# Seq2Seq with Attention
## Brief Outline
* Previously, we used to take the encoder state of the entire input sentence and use that every time in the decoder step.
* However, at every decoder time step, we don't require the entire encoder state as the word at that time step does not depend on the entire sentence
* This would also overload the decoder
* Can we have a weighted sum of the encoder states at each time steps instead, to tell which encoder states are important?

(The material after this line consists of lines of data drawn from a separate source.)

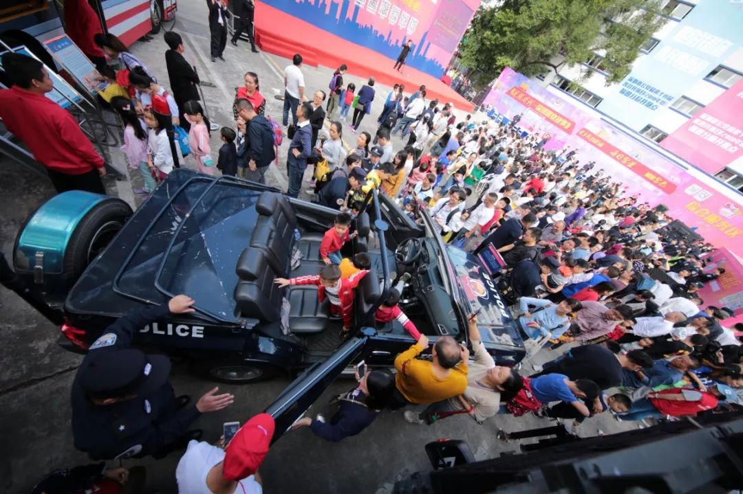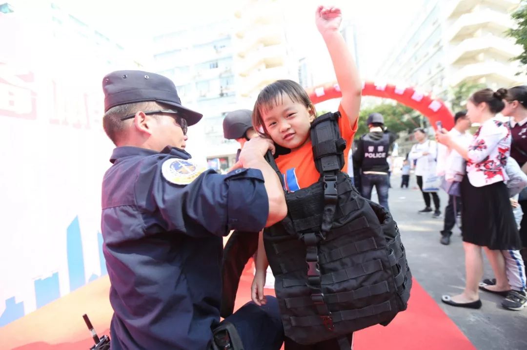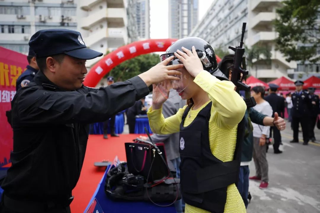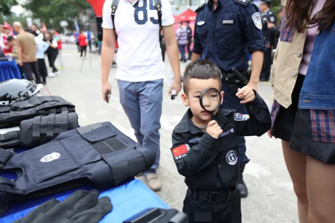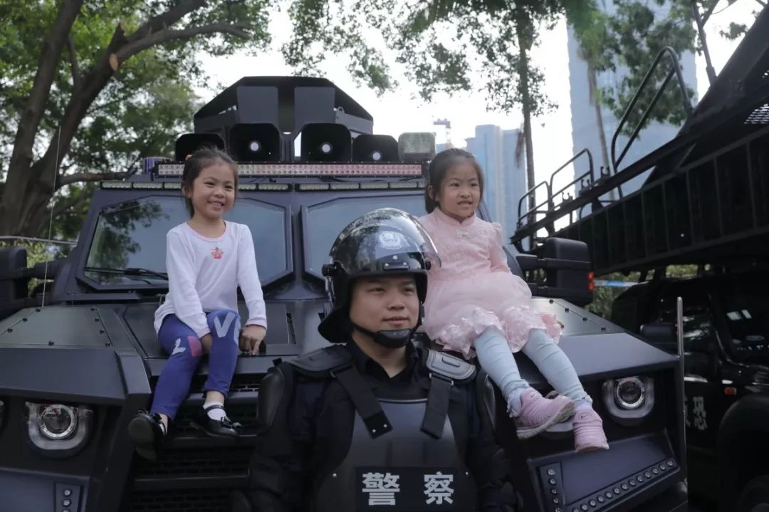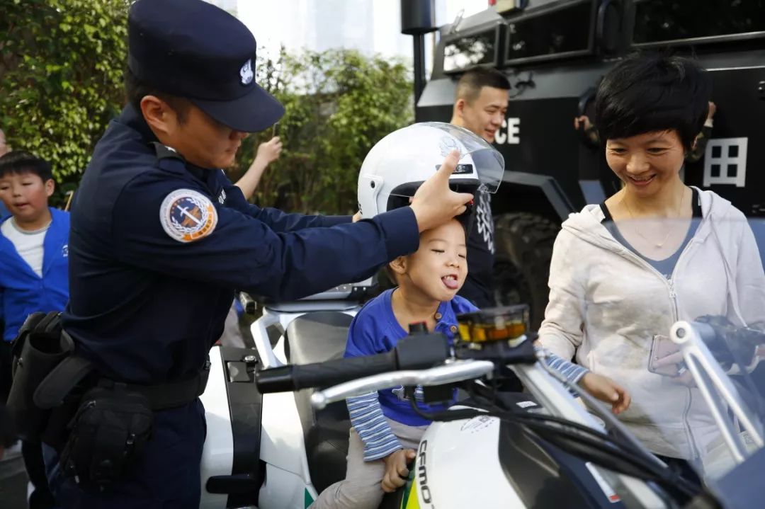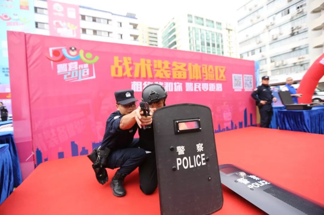 防暴盾牌、枪支警械威武霸气,队列棍术、擒拿格斗轮番上阵。很多人兴致勃勃地穿戴警用装备,头戴钢盔、身穿警服,登上反恐敞篷车拍照留念,圆梦警察梦想。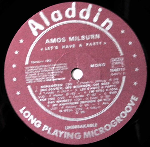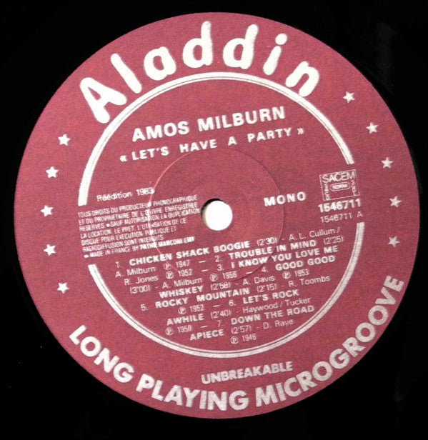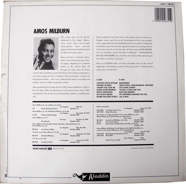 A1. Amos Milburn, Maxwell Davis - Chicken Shack Boogie 2:30 A2. Amos Milburn And His Aladdin Chickenshackers - Trouble In Mind 2:25 A3. Amos Milburn & His Band - I Know You Love Me 3:00 A4. Amos Milburn And His Aladdin Chickenshackers - Good Good Whiskey 2:58 A5. Amos Milburn And His Aladdin Chickenshackers - Rocky Mountain 2:15 A6. Amos Milburn And His Aladdin Chickenshackers - Let's Rock Awhile 2:40 A7. Amos Milburn - Down The Road Apiece 2:57 B1. Amos Milburn - Bewildered 2:50 B2. Amos Milburn And His Aladdin Chickenshackers - One Scotch, One Bourbon, One Beer 2:50 B3. Amos Milburn And His Aladdin Chickenshackers - Let's Have A Party 2:25 B4. Amos Milburn And His Aladdin Chickenshackers - I'm Still A Fool For You 2:23 B5. Amos Milburn And His Aladdin Chickenshackers - Bad Bad Whiskey 2:58 B6. Amos Milburn & His Band - My Happiness Depends On You 2:07 B7. Amos Milburn & His Band - All Is Well 2:35
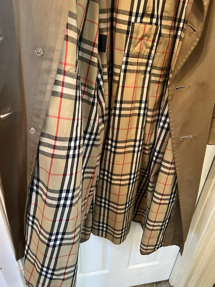 Elevate your style with this Burberry men's trench coat in a classic beige color. Crafted with high-quality polyester, this coat is perfect for any occasion and is a must-have for any fashion-forward man. The coat features a regular size fit, making it perfect for everyday wear. The Burberry brand is known for its timeless designs, and this trench coat is no exception. It boasts a stylish and versatile design that can be dressed up or down. Ideal for any season, this coat is perfect for men who want to stay fashionable and comfortable. Add this Burberry men's trench coat to your wardrobe today!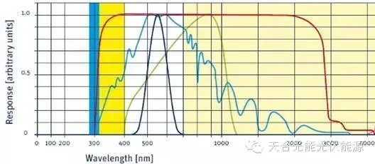 (藍(lán)色:太陽(yáng)輻射光譜 綠色:晶硅電池片的光譜響應(yīng) 紅色:熱電表的光譜響應(yīng))
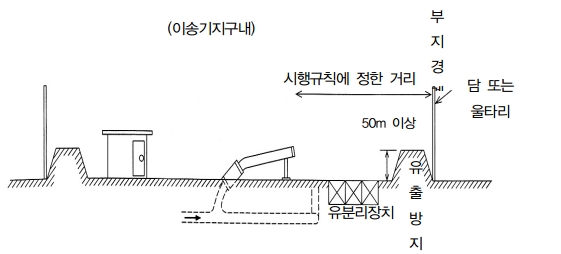 누출된 위험물이 부지 밖으로 유출되지 아니하도록 이송기지의 부지경계선에는 높이 50cm이상의 방유제를 설치하여야 한다.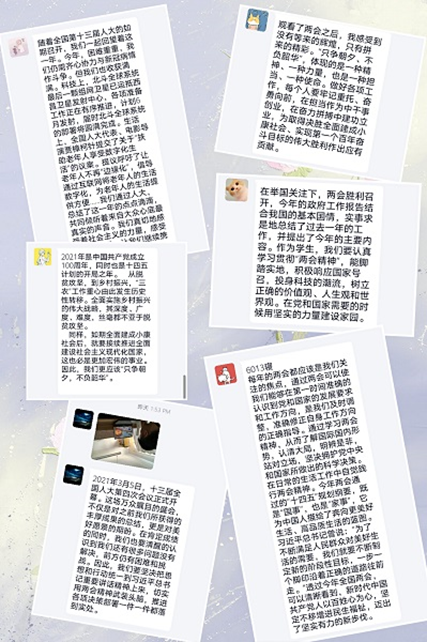 首先,1903007团支部成员通过线上观看线上视频的形式,深入学习了解两会,并通过书写观后感将自己的收获与感悟进行记录。其中有同学写到:“两会活动激发着我们的爱国热情,通过学习两会精神,我们能够了解国际国内形势,认清大局,明辨是非,站对立场, 坚决拥护党中央和国家所做出的科学决策。”除此之外通过对政府工作报告和有关精神的学习,同学对国家取得的进步和当前面临的形势也有了新的认识。支部成员在感慨中国所取得成绩的同时也深刻的感受到“没有等来的辉煌,只有拼来的精彩”。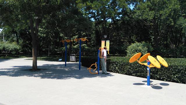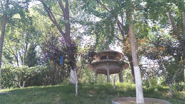 从马路上也能看到公园里的小亭子,不过此时人已经走在了炽热的公路上了。

* The answer is, attention.
## Attention
* To enable attention, we define a function
$$e_{jt} = f_{ATT}(s_{t-1}, h_j)$$
* This quantity captures the importance of the $j^{th}$ input word for decoding the $t^{th}$ output word.
* Since $e_{jt}$ needs to sum up to one, we apply the softmax function.
$$\alpha_{jt} = \frac{exp(e_{jt})}{\sum_{k=1}^M exp(c_{kt})}$$
* One of many possible choices of $f_{ATT}$ is
$$f_{ATT} = V^T_{att} \text{ tanh}(U_{att}s_{t-1} + W_{att} h_j)$$
* Where
* $h_j \in ℝ^{d_1×1}$
* $s_t \in ℝ^{d_2×1}$
* And
* $V_{att} \in ℝ^{d_1×1}$
* $U_{att} \in ℝ^{d_1×d_2}$
* $W_{att} \in ℝ^{d_1×d_1}$
* Clearly, $\alpha_{jt}$ will result in a scalar.
* These parameters will be learned along with the other parameters of the encoder and decoder.
## Architecture
![](https://i.imgur.com/HLWgUrE.png =300x450)
## Forward propagation
### Encoder
* $x_j = \text{Word Embeddings} \in ℝ^{e_1×1}$
* $h_j = RNN(h_{j-1}, x_j) \in ℝ^{d_1×1}$
### Attention
* $e_{jt} = V^T_{att} \text{ tanh}(U_{att}s_{t-1} + W_{att} h_j)$
* $\alpha_{jt} = softmax(e_{jt})$
* $c_t = \sum_{j=1}^T \alpha_{jt} h_j$
* This $c_t$ is the encoder hidden state that will be passed to the decoder at every timestep $t$ to get the decoder hidden state $s_t$
### Decoder
* $s_t = RNN(s_{t-1}, c_t)$
* $l_t = softmax(Vs_t + b)$